EXERCISE DETAILS
Directions for the data below: repeat exactly the lines from the one with "- Human Protect" through the one with "黒葛原康子(ヴァイオリン)、", both included, and omit all pictures.

(TASK DATA)

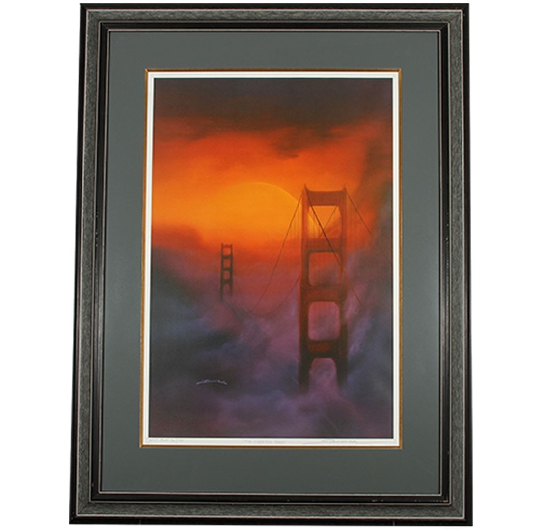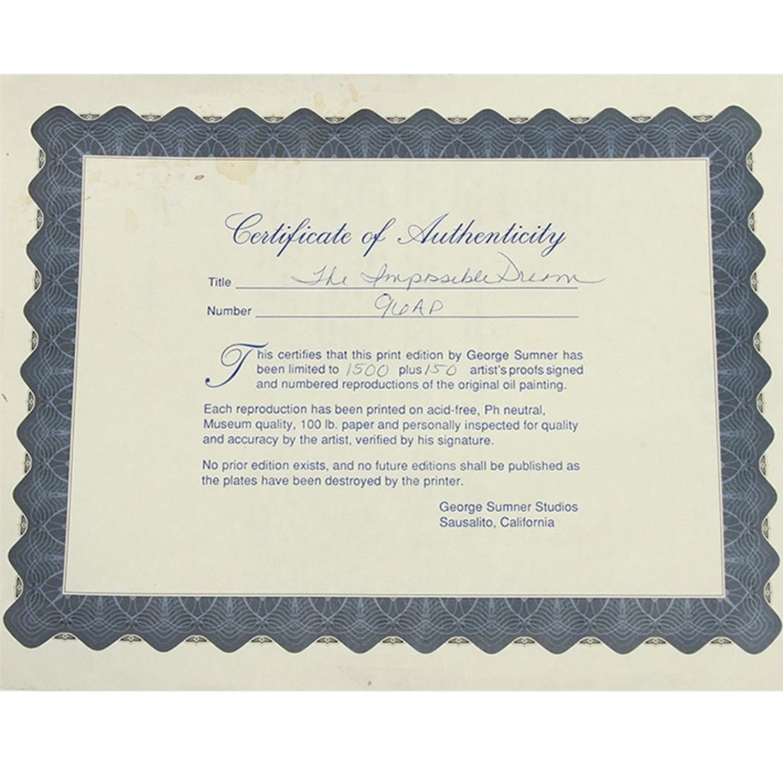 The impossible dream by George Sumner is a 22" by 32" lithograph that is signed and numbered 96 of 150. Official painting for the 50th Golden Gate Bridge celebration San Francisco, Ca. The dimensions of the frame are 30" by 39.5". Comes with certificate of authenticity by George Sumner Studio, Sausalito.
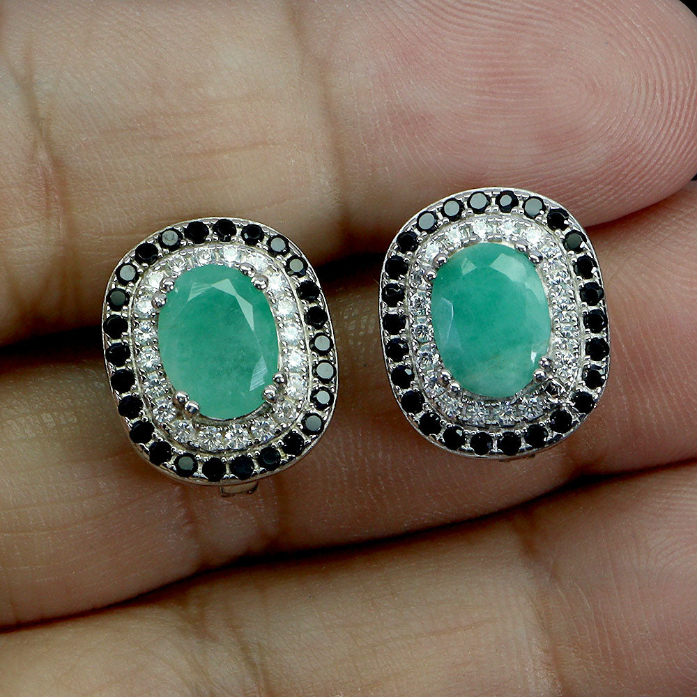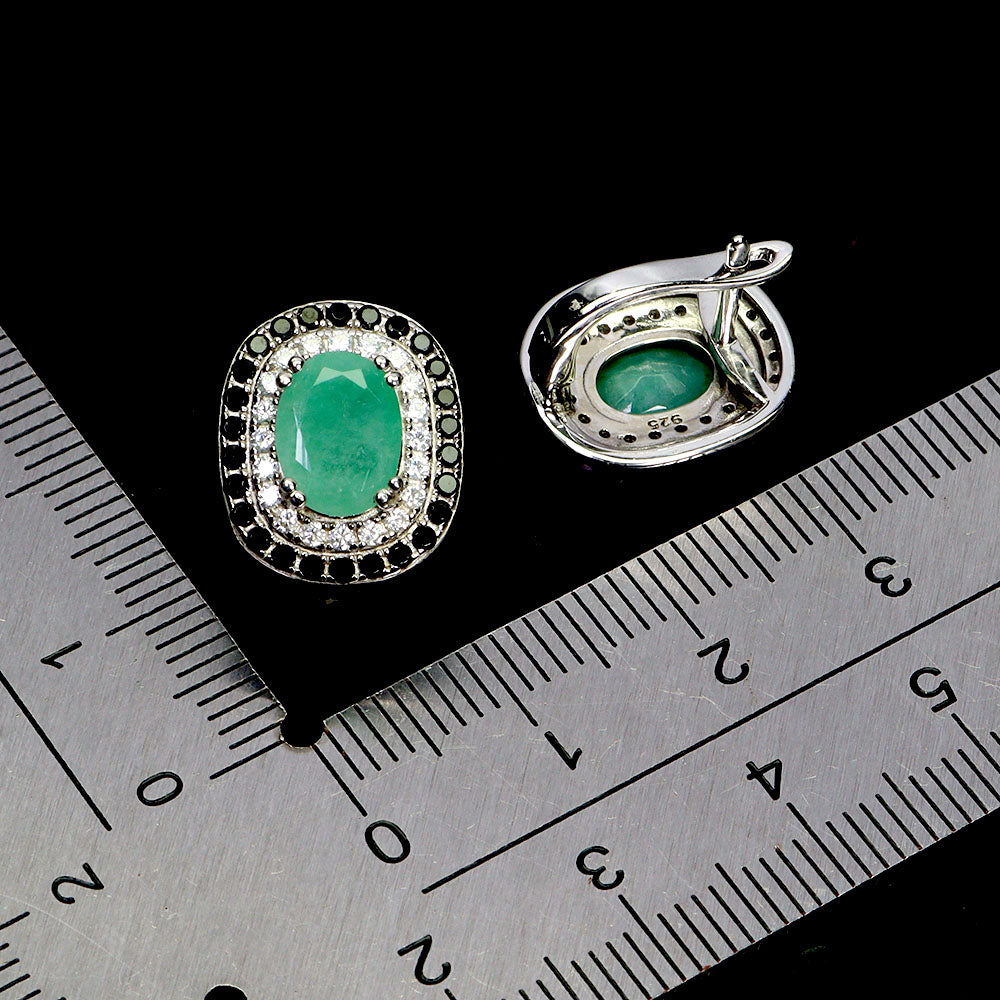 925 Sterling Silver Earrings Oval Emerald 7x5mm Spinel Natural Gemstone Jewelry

(End TASK DATA)
(TASK DATA)

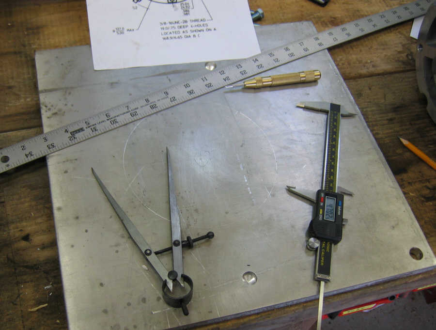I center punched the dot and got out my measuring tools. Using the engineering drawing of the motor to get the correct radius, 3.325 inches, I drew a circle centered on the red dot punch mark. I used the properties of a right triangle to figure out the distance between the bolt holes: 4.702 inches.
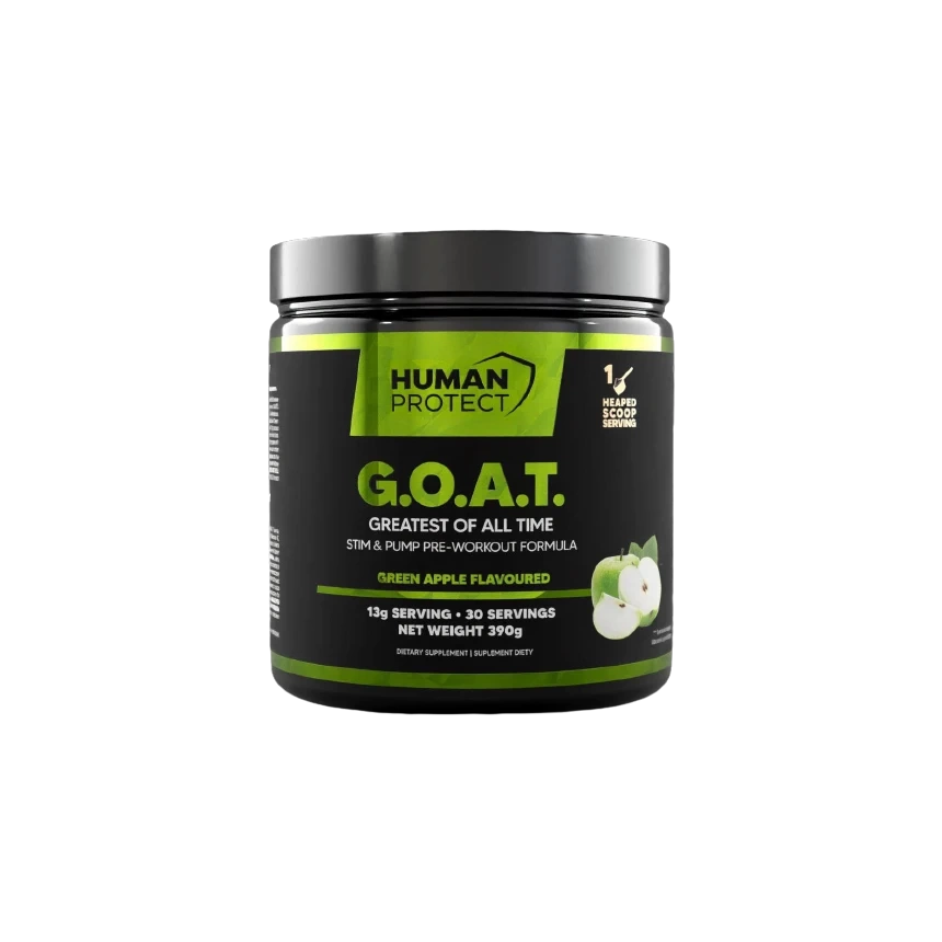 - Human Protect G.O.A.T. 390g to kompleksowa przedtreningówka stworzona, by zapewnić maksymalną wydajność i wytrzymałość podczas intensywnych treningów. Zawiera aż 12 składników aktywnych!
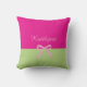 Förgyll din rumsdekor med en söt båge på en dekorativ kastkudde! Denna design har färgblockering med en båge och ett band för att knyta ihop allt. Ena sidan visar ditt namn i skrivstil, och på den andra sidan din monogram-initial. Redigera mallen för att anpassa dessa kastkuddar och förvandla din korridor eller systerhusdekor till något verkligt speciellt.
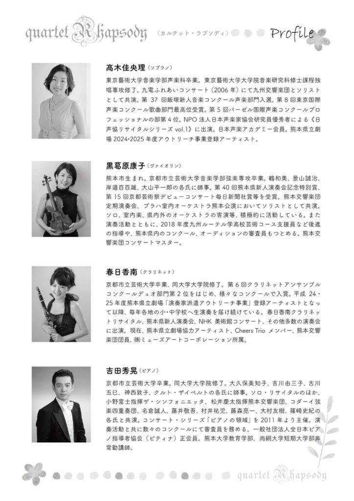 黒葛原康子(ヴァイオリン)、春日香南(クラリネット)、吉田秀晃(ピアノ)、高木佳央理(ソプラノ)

(End TASK DATA)

SOLUTION TO THE EXERCISE
 - Human Protect G.O.A.T. 390g to kompleksowa przedtreningówka stworzona, by zapewnić maksymalną wydajność i wytrzymałość podczas intensywnych treningów. Zawiera aż 12 składników aktywnych!
 Förgyll din rumsdekor med en söt båge på en dekorativ kastkudde! Denna design har färgblockering med en båge och ett band för att knyta ihop allt. Ena sidan visar ditt namn i skrivstil, och på den andra sidan din monogram-initial. Redigera mallen för att anpassa dessa kastkuddar och förvandla din korridor eller systerhusdekor till något verkligt speciellt.
 黒葛原康子(ヴァイオリン)、春日香南(クラリネット)、吉田秀晃(ピアノ)、高木佳央理(ソプラノ)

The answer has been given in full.